Resolving traction changes on fractures in a 3D heterogeneous crust using fictitious domains
Dabaghi Farshid1, Valérie Cayol2 and Bodart Olivier1
Affiliations: 1 The Lyon University, Université Jean Monnet, Institut Camille Jordan, F-42023 Saint-Etienne, France. 2 Laboratoire Magmas et Volcans, Université Clermont Auvergne, CNRS, IRD, OPGC, Clermont-Ferrand F-63038
Presentation type: Poster
Presentation time: Monday 16:30 - 18:30, Room Poster Hall
Poster Board Number: 228
Programme No: 2.4.18
Abstract
To track magma transport and to understand the seismic cycle, deformation data are analyzed relying on forward deformation models combined with inversions. When the geometry of the fracture is known, it is discretized with dislocations, and a least square cost function subject to a regularization constraint on the dislocation amplitudes is minimized.

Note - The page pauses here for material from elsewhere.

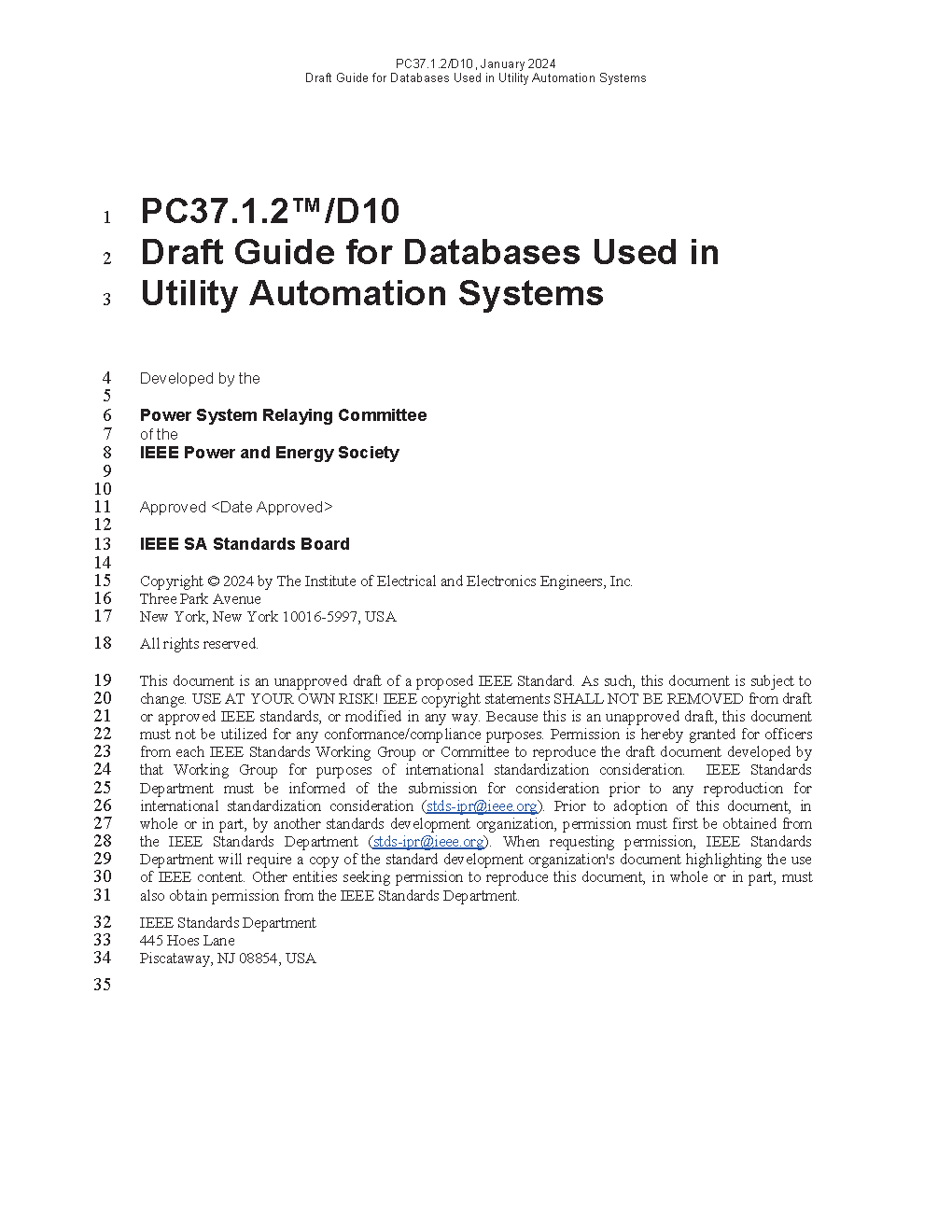 IEEE Draft Guide for Databases Used in Utility Automation Systems

Most of the times, the dislocation solutions assume the earth is an elastic, homogeneous half-space, which may lead to inaccurate inversion results. To address this issue and to invert for a more physical quantity (stress vector rather than dislocation), we present a new method based on a fictitious domain approach inspired by extended finite element methods developed for cracks that do not follow volume meshes. The cost function involves the misfit between the solution of the physical problem and the observed data together with regularization terms. An algorithm is presented which relies on the forward and the adjoint problem. Synthetic tests, relying on the determination of the regularization parameters by L-curves, show that an initial solution is reliably determined. The method is then reformulated to be applied to InSAR data, which correspond to an incomplete knowledge of the displacement field. Synthetic tests demonstrate the efficiency and robustness of the method for one to four Line-of-Sight observations, with missing data and variable noise. The method was then applied to the May 2016 Piton de la Fournaise intrusion, and we found that our results are consistent with a previous analysis reying on a different approach.